The Mudcat Café TM
Thread #112992   Message #2398302
Posted By: Suffet
26-Jul-08 - 10:59 AM
Thread Name: Music and oppression
Subject: RE: Music and oppression
... and you won't get out alive if you try to perform those songs "in yer local flok [sic] club"...

Exactly my point! But you won't have any rotten tomatoes tossed your way, figuratively or literally, if you sing a song about an 1882 coal miners' strike or a song bemoaning fate of the poor lads conscripted into Queen Anne's War. It's only songs about contemporary oppression and injustice that raise their ire.
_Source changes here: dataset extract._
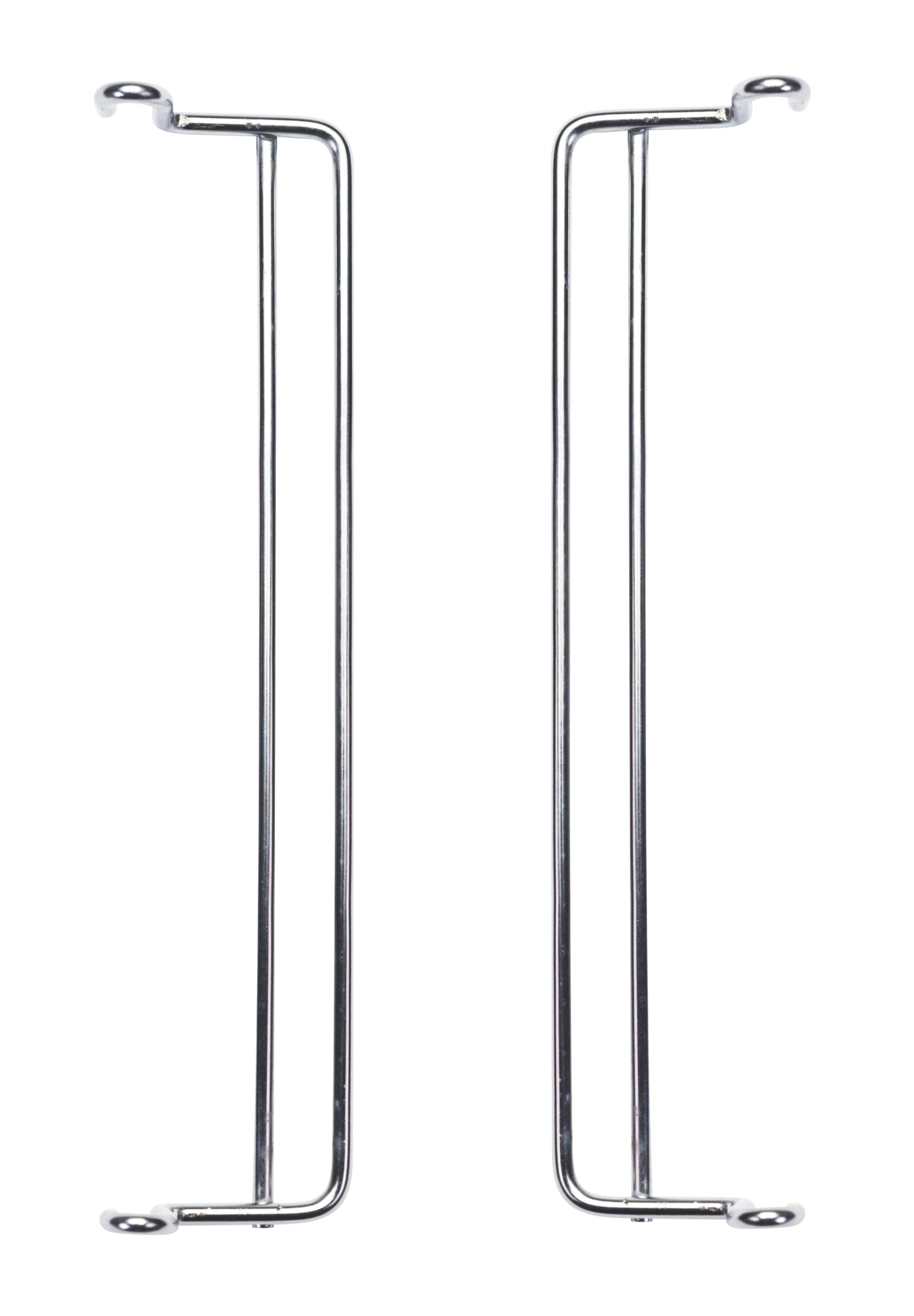 On a white background, the Quantum Side Hanger for QMB539C is shown as two parallel sleek chrome rods with a chrome plated finish and hooked ends, sold as one pair for versatile support or hanging use.
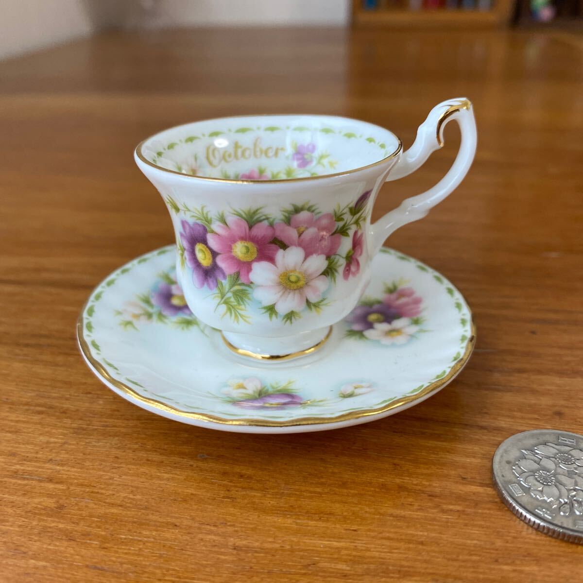 - ロイヤルアルバート フラワーオブザマンス ミニチュア カップ ソーサー 10月 コスモス 英国 イギリス ヴィンテージ ROYAL ALBERT

Which is why in the USA there has slowly but surely been developing a network of venues friendly to contemporary political folk music, as well as to other kinds of muisc. The oldest among them is the Peoples' Voice Cafe in New York City. Others include the Vox Pop in Brooklyn, one of NYC's outer boroughs; the the Good Coffee House, also in Brooklyn; Howland Cultural Center in Beacon, New York; the Echo Lake Coffee House in Leverett, Massachusetts; the Circle Coffee House in Boston; the Folk Factory in Philadelphia; and I believe also the Freight and Salvage in Berkeley, California.

Most of these venues also present non-political music. For example, the Good Coffee House host an old-time and bluegrass festival each September. Nevertheless, they are place where a political folk musician can feel welcome, not just tolerated -- or worse.